Two solutions to the problem of "full x discount" in promotion: Dynamic programming and enumeration method

Problem Description: Given an unordered array of int num[n], which put the price of goods in N, the merchant stipulated full m-dollar has preferential, the goods do not repeat the purchase, then from the buyer's point of view how to buy to enjoy both the benefits and spend the least money.
Problem Analysis: Abstract into a mathematical problem is to take a number of elements from the array, so that their sum is greater than or equal to the minimum value of M. Below I have introduced the solution idea and the code from the enumeration method and the dynamic programming angle respectively.
1. Enumeration method
Perhaps, the first thing we think of is the enumeration method, n kinds of goods have a total of 2^n in the possible, calculate each possible and, then find the satisfying conditions.
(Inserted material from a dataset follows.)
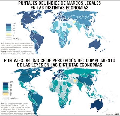 En promedio, las economías obtienen 67 puntos sobre 100 en el índice que mide la existencia de leyes favorables a la igualdad económica de género. Sin embargo, cuando se evalúan los sistemas institucionales que permiten implementar esas normas, el promedio cae a 47 puntos, y las percepciones sobre el cumplimiento efectivo de dichas leyes alcanzan 53 puntos. Estos resultados demuestran que la existencia de leyes igualitarias no siempre se traduce en oportunidades reales para las mujeres.
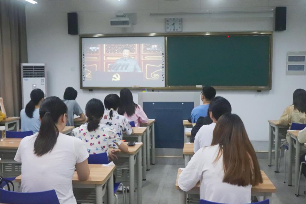 八点整,庆祝大会正式开始。全体师生齐聚教室,聚精会神聆听习近平总书记的大会重要讲话,大家悉心聆听,犹如置身大会现场,时不时响起阵阵掌声。

Paste the code first and then explain. The Java code is as follows:

    public static int toxdiscount (int[] num, int m) {
        int n = num.length;
        int sum = 0, ans = integer.max_value;
        for (int i=0; i<n; i++) {
            sum + = Num[i];
        }
        if (Sum < m) {
            return-1;
        }
        else if (sum = = m) {
            return m;
        }

        for (int s=1; s< (1<<n); s++) {//1<=s<1024
            int t = 0;
            for (int j=0; j<n; J + +) {
                if (((S>>J) &1)! = 0) {
                    t = t + num[j];
                }
            }
            if (t>=m && t<ans) {
                ans = t;
            }
        }
        return ans;
    }

The

s takes a value of 1-1024, which represents 2^10, for each s value taken to move the binary representation of S to the right and with 1 bitwise AND, take out the position of all 1 in the number of S binary representations, add up the commodity price of these locations to T, so that the sum of each possible commodity price is enumerated, Then from these and the smallest is the optimal solution. This method draws on the solution of the Hiho programming exercise 4.
2, dynamic programming
This is a problem similar to the 0-1 knapsack, set either of the two-dimensional array dp[n+1][sum+1] to take a number of dp[j][k]-from num[j],num[j+1],..., num[n-1]. They do not exceed the maximum value of K. The Java code is as follows:

Import java.math.*;
public static int Dpxdisc (int[] num, int m) {
    int n = num.length; 
    int sum = 0;
    for (int i = 0; i < n; i++) {
        sum + = Num[i];
    }
    if (Sum < m) {
        return-1;
    } else if (sum = = m) {
        return m;
    }

    Int[][] DP = new int[n+1][sum+1];//initial value defaults to 0 for
    (int i=m; i<=sum; i++) {for
        (int j=n-1; j>=0; j--) {
            for (int k=0; k<=i; k++) {
                if (Num[j] > k) {
                    dp[j][k] = dp[j+1][k];
                }
                else{
                    Dp[j][k] = Math.max (Dp[j+1][k],dp[j+1][k-num[j]]+num[j]);
        }}} if (dp[0][i] = = i) {
            return i;
        }
    }
    return sum;
}

As I gradually increment from m to sum, there must be a i0 that makes: Dp[0][i0]==i0, that is, from num[0],num[1],..., num[n-1] Any number of elements, which equals I0, and the first such i0 must be greater than or equal to the minimum value of M. At this point, the program stops and returns I0.